[Stored dataset items]
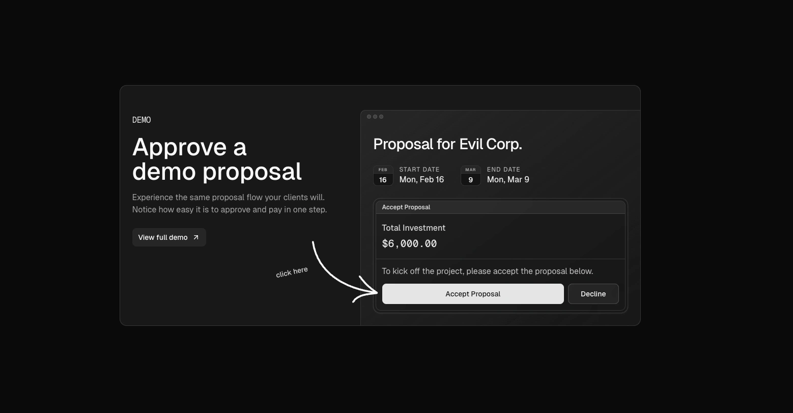 The hero section shows the actual product interface, not abstract graphics. People need to see what they're getting. The proposal demo is interactive so potential users can experience the client flow themselves.
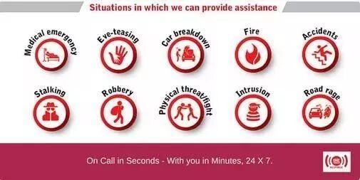 注册用户只需点击SOS按钮,即可链接全印度800多个城市的24h X 7指挥控制中心,同时向位于最近的即时协助小组发送一个位置坐标警报。并自动联系受害者的家人,如有必要还将与救护服务,医疗服务,消防安全,汽车维修等机构进行协调。
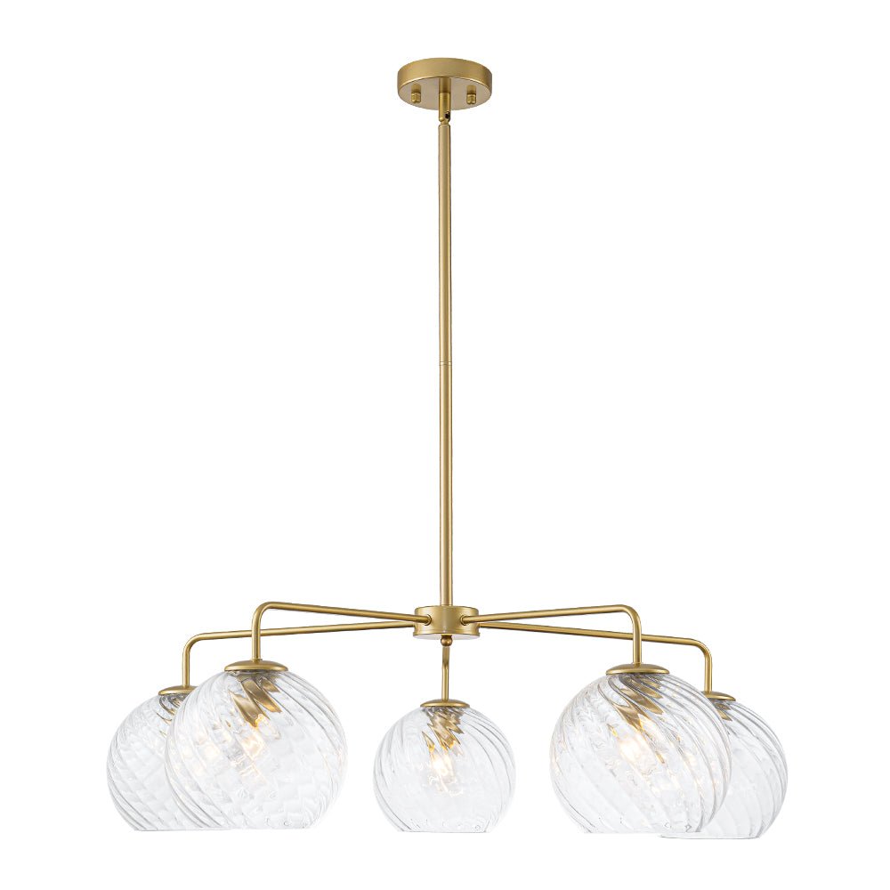 Five Lights • Bubble Style • Blue Ribbed Glass • Brass Finish • E26 Medium-Base Bulbs (Not Included) • Adjustable Pole • Hardwired • UL Listed/ETL
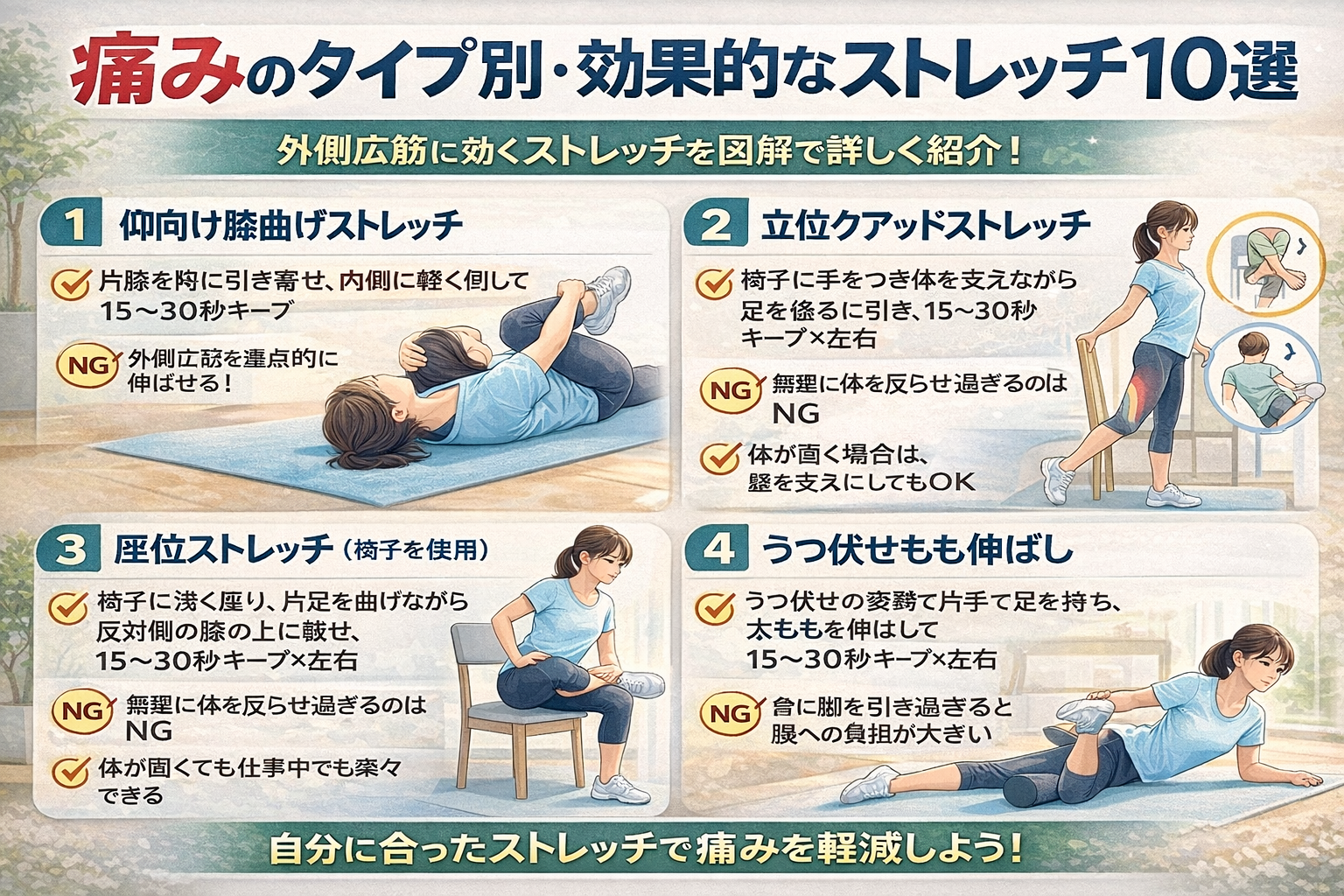 外側広筋 痛み ストレッチ|自宅でできる原因別ケアと効果的な伸ばし方を徹底解説
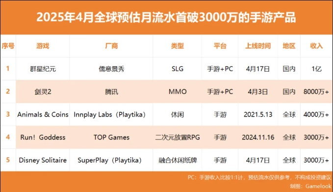 游戏新闻综合多个三方平台数据统计发现,2025年4月共有5款游戏预估月流水首次突破3000万元,其中有3款是4月份发布的新游,另外两款则是在月流水首次突破3000万元的产品。
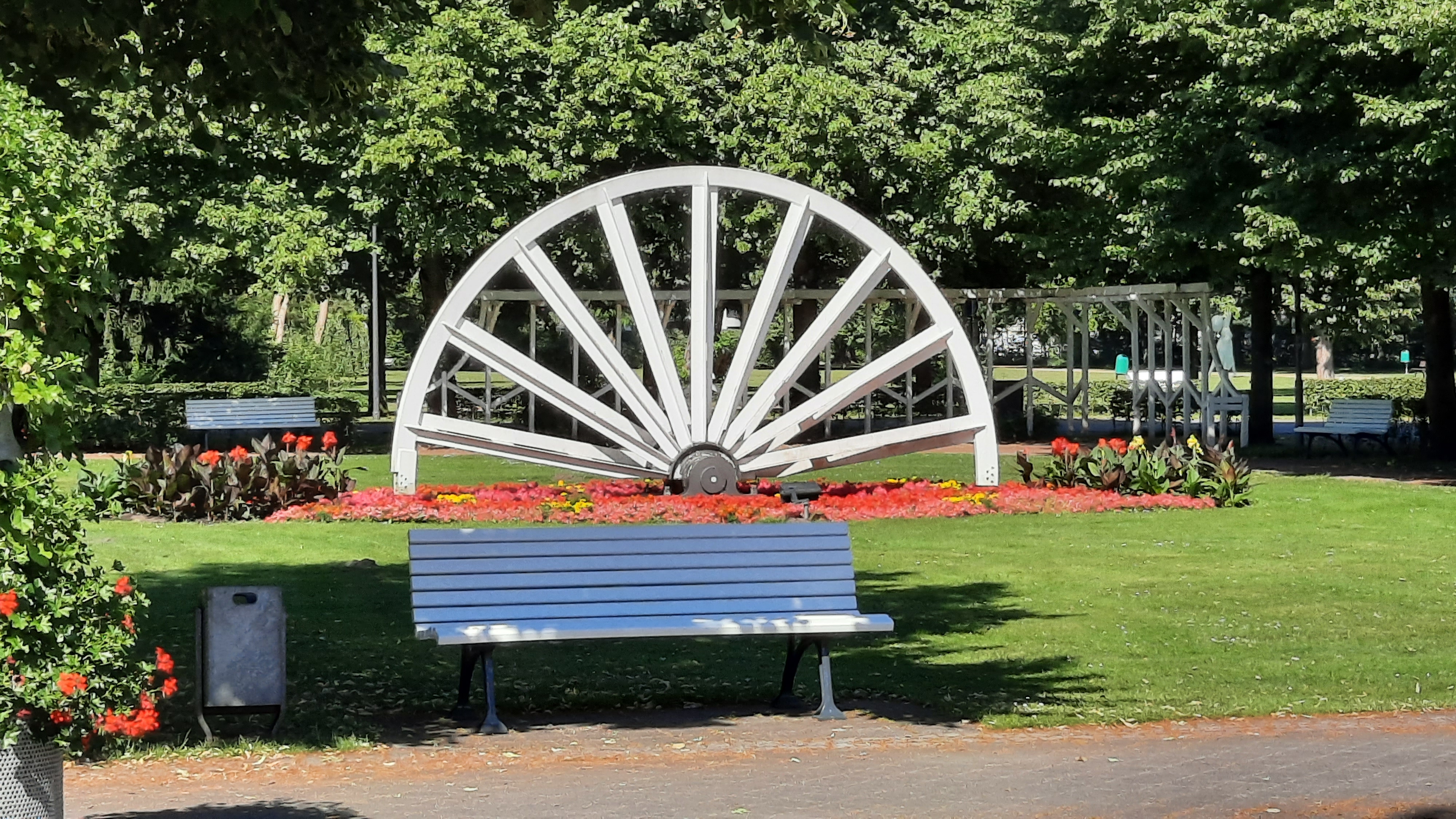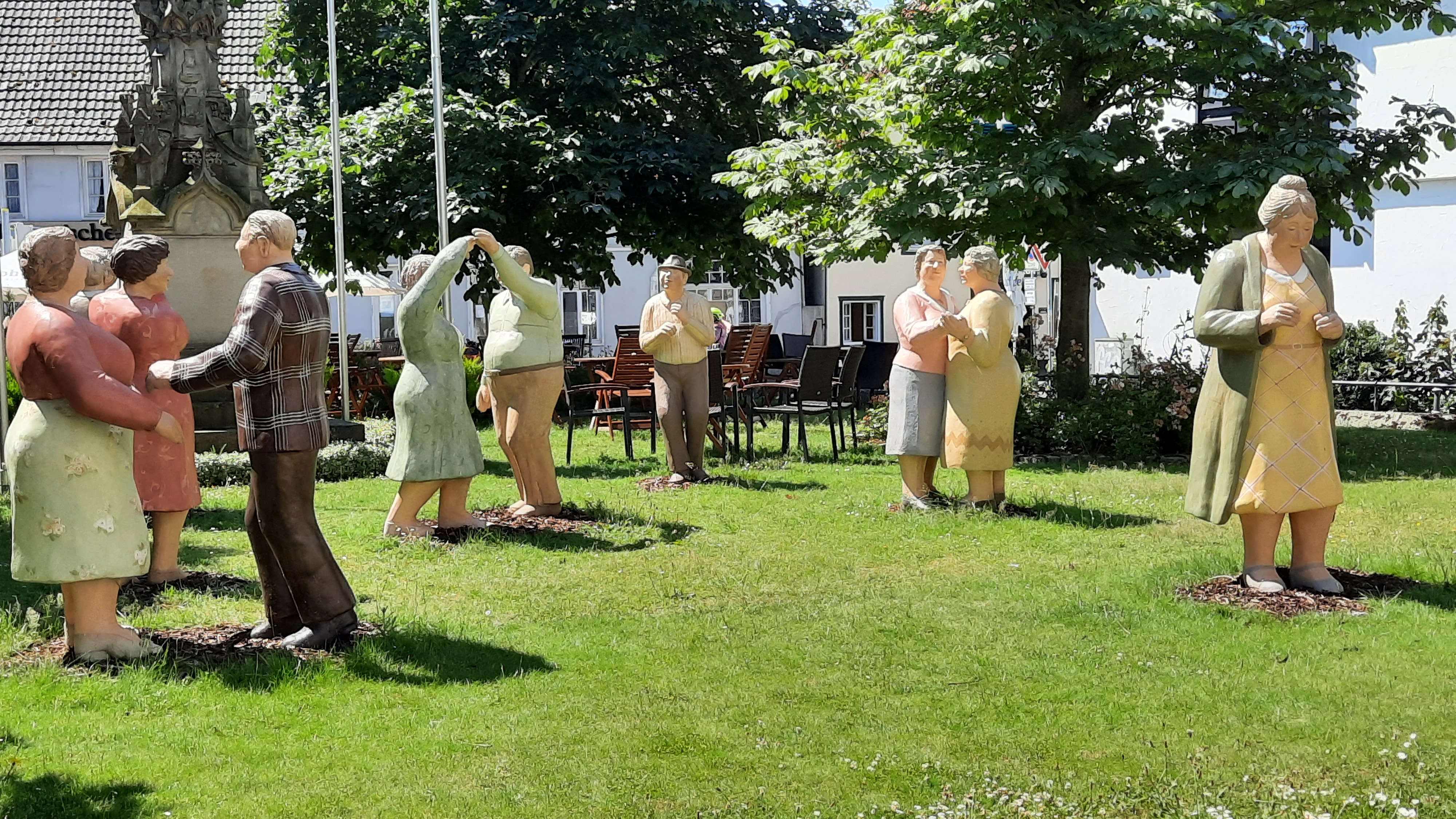 Gegen 10.30 Uhr fuhren wir durch ein große Straßenbaustelle, die wir schiebend bewältigten. Es ging weiter nach Wiedenbrück. Dort kamen wir an einer Gruppe älterer Herrschaften vorbei, die im Park ein Tänzchen wagten. Beim genaueren Hinsehen erkannten wir, es waren Alltagsmenschen. Das sind lebensechte Figuren, die sehr sympathisch rüberkommen. In der ganzen Stadt begegneten wir noch mehreren der freundlichen Skulpturen.

**YOUR ASSIGNMENT:**
Using the records above, print exactly the run of lines that starts with the line with "外側広筋 痛み ストレッチ|自宅でできる原因別ケアと効果的な伸ばし方を徹底解説" and goes on through the line with "游戏新闻综合多个三方平台数据", pictures excluded.

**ANSWER BELOW:**
 外側広筋 痛み ストレッチ|自宅でできる原因別ケアと効果的な伸ばし方を徹底解説
 游戏新闻综合多个三方平台数据统计发现,2025年4月共有5款游戏预估月流水首次突破3000万元,其中有3款是4月份发布的新游,另外两款则是在月流水首次突破3000万元的产品。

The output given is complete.